▸ Task details
Everything from the line with "法轮功学员在阳光海岸杨迪纳街坊节的舞台上展示法轮功功法" to the line with "Amiri Red/Black Canvas" in the listing below, both lines included, needs to be copied exactly, apart from the pictures.

▸ Data in this exercise
══════════

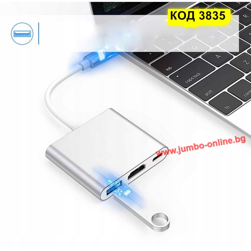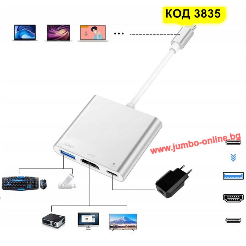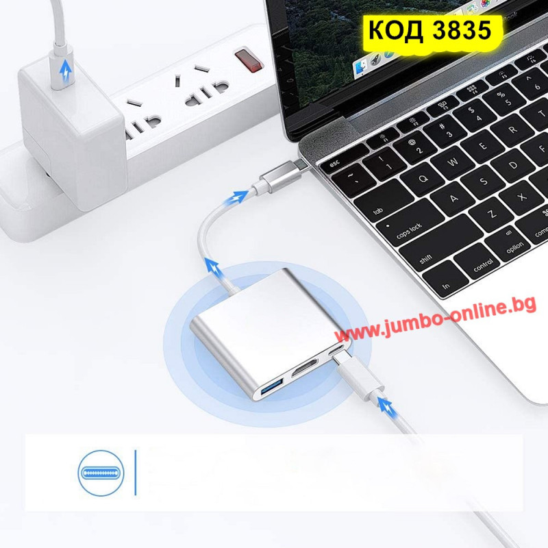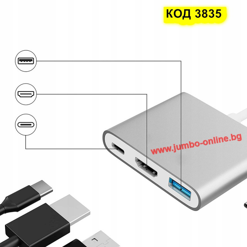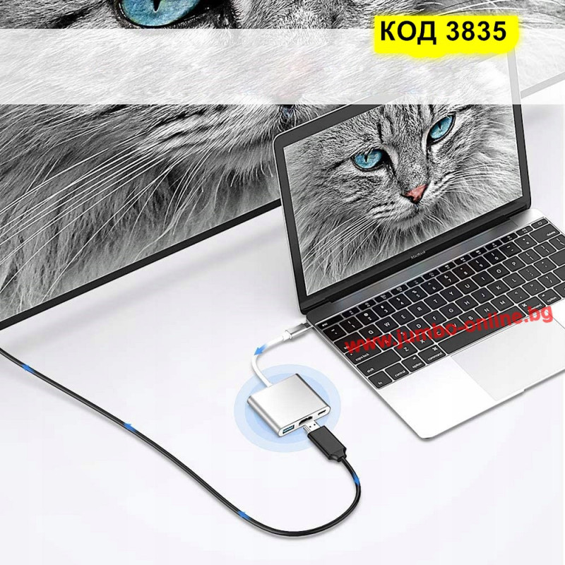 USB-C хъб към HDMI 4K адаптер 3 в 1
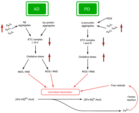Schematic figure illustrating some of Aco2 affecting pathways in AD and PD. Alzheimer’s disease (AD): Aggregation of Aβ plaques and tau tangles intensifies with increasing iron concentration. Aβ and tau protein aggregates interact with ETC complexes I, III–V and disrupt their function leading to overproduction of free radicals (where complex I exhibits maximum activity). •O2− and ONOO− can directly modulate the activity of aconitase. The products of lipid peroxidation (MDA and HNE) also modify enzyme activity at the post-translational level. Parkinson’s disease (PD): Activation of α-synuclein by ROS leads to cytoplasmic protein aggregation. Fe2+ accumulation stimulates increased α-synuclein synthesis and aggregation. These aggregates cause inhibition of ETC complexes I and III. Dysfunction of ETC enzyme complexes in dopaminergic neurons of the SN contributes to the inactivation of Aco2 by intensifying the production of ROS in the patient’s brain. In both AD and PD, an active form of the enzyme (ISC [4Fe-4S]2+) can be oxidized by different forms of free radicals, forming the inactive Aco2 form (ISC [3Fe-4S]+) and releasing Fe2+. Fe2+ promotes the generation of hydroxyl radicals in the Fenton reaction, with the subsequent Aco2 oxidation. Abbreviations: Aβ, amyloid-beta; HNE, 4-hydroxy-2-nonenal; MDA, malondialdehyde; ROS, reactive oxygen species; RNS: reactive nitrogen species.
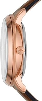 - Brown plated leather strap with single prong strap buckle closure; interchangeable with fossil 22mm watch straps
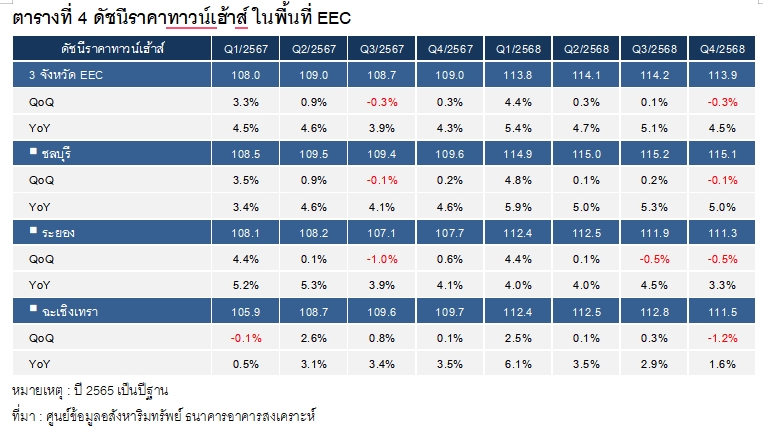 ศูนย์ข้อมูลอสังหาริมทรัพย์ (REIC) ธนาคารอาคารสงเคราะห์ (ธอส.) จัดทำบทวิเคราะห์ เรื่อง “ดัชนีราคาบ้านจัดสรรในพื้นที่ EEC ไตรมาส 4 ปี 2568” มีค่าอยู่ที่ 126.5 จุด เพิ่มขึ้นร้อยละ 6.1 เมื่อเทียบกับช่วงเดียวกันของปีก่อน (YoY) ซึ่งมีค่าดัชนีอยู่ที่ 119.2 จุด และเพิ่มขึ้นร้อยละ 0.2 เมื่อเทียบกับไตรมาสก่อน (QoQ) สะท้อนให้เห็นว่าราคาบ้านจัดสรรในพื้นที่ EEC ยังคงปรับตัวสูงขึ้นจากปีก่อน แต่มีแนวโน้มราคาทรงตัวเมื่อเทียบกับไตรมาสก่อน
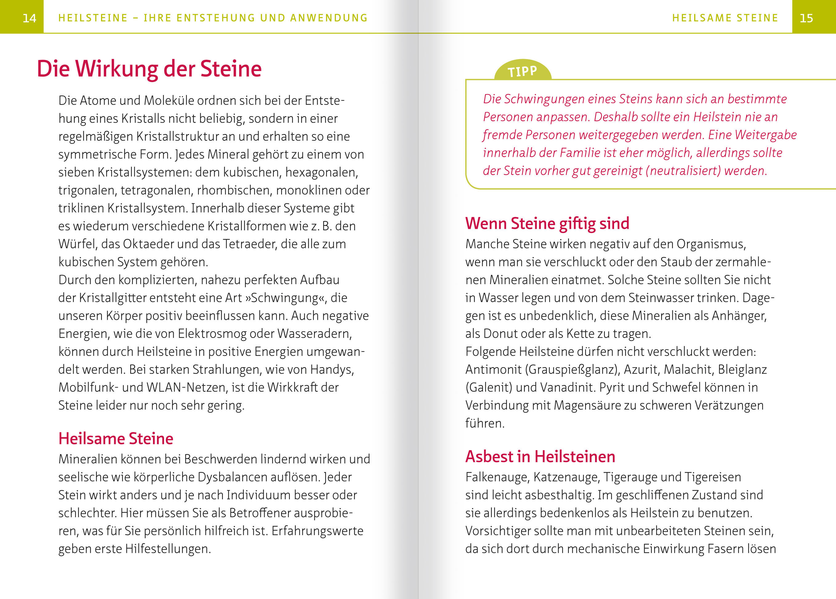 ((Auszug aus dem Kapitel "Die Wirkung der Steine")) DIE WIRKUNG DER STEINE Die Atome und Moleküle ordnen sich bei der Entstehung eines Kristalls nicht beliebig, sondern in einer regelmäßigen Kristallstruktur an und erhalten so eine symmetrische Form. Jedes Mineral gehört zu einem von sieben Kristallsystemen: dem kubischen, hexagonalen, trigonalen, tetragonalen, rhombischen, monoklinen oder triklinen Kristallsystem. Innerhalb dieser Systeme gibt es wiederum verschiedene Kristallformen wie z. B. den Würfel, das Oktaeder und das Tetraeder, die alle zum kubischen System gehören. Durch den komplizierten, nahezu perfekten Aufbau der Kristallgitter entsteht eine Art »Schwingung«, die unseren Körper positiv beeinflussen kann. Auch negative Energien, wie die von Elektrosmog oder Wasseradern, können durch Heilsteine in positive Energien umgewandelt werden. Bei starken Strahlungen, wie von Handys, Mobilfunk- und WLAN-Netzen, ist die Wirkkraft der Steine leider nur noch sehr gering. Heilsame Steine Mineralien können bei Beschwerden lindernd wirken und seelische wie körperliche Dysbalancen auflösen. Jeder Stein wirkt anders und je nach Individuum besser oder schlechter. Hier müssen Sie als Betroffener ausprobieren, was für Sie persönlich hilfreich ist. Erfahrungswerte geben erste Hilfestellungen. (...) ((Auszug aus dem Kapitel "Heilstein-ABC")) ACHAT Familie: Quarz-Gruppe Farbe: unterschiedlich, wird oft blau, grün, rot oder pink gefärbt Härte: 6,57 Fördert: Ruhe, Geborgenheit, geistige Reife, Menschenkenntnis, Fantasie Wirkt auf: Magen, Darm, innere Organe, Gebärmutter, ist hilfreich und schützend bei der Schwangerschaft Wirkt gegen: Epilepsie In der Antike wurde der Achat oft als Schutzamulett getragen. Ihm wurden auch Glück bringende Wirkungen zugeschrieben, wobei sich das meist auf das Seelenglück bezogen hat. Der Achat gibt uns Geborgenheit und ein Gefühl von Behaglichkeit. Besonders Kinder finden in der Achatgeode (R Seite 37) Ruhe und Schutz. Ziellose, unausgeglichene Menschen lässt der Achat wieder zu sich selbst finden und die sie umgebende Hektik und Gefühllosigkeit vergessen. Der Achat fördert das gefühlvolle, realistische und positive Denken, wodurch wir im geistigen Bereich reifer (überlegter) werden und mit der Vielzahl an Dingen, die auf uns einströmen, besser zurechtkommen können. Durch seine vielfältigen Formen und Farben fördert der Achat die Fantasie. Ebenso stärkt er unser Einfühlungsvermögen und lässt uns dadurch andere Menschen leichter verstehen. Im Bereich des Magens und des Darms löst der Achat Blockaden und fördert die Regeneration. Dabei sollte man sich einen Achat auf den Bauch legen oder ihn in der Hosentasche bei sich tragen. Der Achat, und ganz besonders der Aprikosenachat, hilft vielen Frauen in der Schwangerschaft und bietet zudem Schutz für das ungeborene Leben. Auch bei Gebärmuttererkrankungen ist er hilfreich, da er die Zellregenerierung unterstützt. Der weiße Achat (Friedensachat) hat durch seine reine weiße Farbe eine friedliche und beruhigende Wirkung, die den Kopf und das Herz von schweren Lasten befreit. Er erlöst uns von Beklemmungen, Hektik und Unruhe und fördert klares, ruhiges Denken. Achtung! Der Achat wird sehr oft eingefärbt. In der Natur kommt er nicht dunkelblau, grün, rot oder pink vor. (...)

══════════

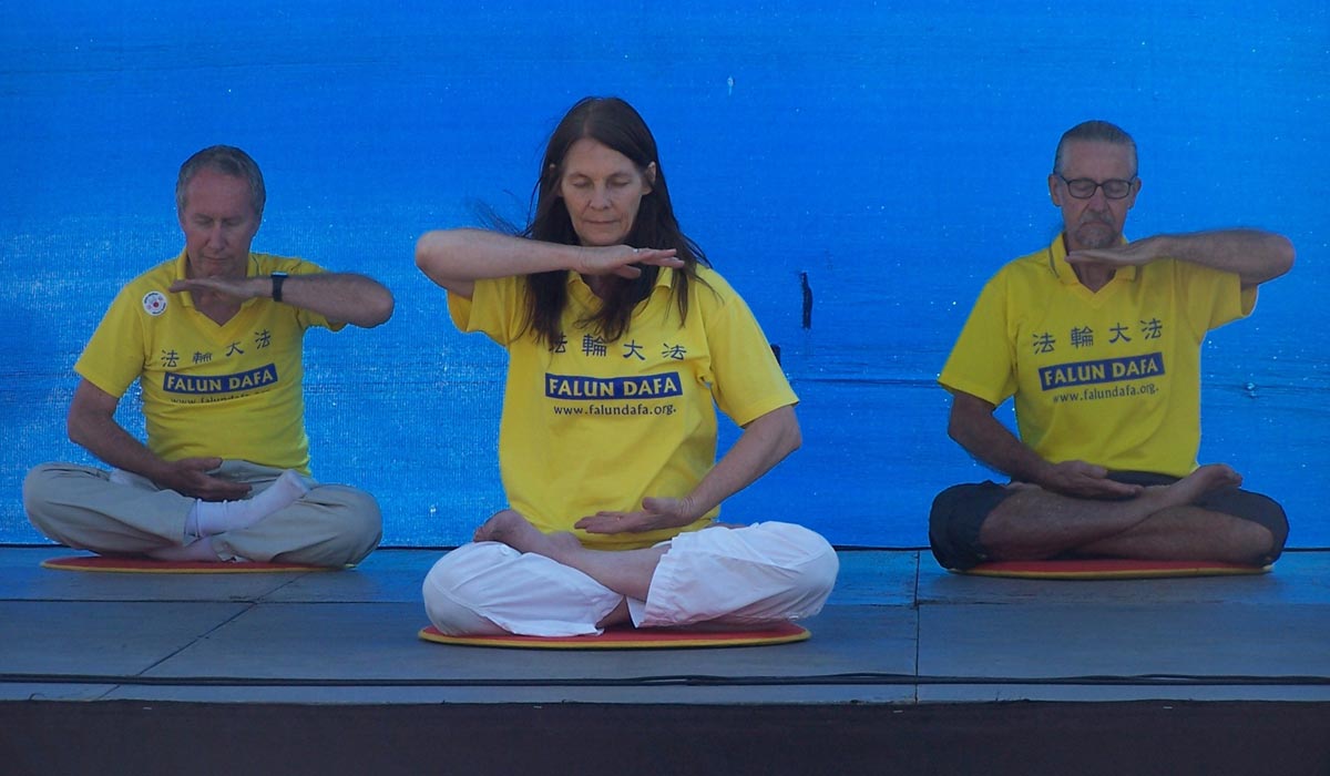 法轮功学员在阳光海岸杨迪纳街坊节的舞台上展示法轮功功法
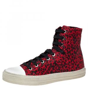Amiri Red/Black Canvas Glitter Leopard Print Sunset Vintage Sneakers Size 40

══════════

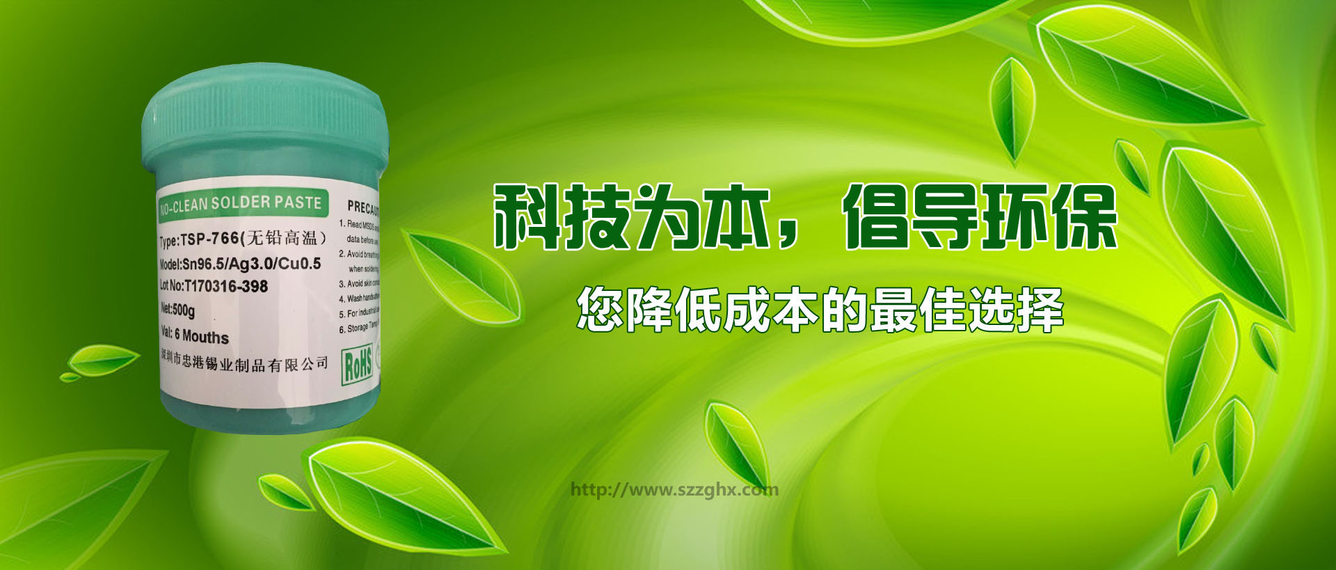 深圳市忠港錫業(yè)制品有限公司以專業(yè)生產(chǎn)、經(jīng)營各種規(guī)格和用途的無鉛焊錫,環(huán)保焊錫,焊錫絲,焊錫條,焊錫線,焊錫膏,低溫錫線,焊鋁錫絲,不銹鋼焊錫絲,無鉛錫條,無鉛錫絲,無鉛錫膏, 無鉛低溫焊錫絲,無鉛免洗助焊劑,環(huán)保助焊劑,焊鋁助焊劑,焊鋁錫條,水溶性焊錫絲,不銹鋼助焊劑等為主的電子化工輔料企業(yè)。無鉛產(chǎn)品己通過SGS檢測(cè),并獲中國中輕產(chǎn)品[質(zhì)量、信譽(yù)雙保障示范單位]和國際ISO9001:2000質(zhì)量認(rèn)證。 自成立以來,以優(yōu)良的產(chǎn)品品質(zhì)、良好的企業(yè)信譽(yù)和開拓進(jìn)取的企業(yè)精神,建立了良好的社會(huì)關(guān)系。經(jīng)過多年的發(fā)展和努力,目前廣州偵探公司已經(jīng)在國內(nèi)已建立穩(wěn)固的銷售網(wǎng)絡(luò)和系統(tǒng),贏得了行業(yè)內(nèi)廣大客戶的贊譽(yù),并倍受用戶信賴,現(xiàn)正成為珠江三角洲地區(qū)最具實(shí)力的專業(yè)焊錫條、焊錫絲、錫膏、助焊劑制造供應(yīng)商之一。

══════════

▸ Your response
 法轮功学员在阳光海岸杨迪纳街坊节的舞台上展示法轮功功法
Amiri Red/Black Canvas Glitter Leopard Print Sunset Vintage Sneakers Size 40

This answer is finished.